Now we will utilise the actual yield and the theoretical yield to calculate the percent yield.

Step 1: List the known quantities and plan the problem.

Known

Actual yield \(= xiv.9 \: \text{g}\)
Theoretical yield \(= fifteen.vii \: \text{thousand}\)

Unknown

Pct yield = ? %

\[\text{Percent Yield} = \frac{\text{Bodily Yield}}{\text{Theoretical Yield}} \times 100\% \nonumber\nonumber \]
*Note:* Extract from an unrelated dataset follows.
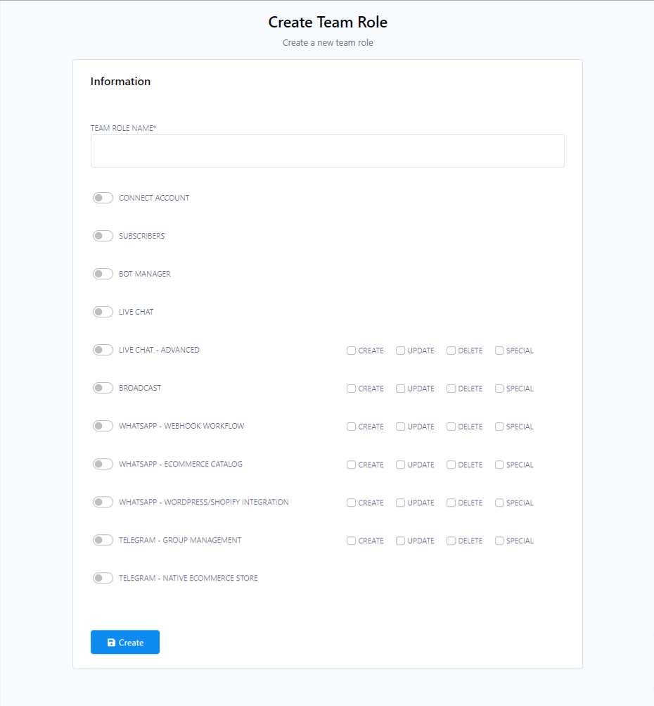 - Click the `Create` button to add a new team. Provide name of the Team and toggle various option you like.

Utilise the pct yield equation higher up.

Step 2: Solve.

\[\text{Percent Yield} = \frac{14.9 \: \text{one thousand}}{15.vii \: \text{g}} \times 100\% = 94.nine\% \nonumber\nonumber \]

Pace 3: Remember about your effect.

Since the actual yield is slightly less than the theoretical yield, the per centum yield is simply under \(100\%\).

Summary

Theoretical yield is calculated based on the stoichiometry of the chemic equation.
The actual yield is experimentally determined.
The percent yield is adamant by computing the ratio of actual yield/theoretical yield.

Review

What do we need in order to calculate theoretical yield?
If I spill some of the production before I counterbalance it, how volition that affect the bodily yield?
How will spilling some of the product affect the percentage yield?
I make a production and weigh information technology earlier information technology is dry out. How volition that bear on the actual yield?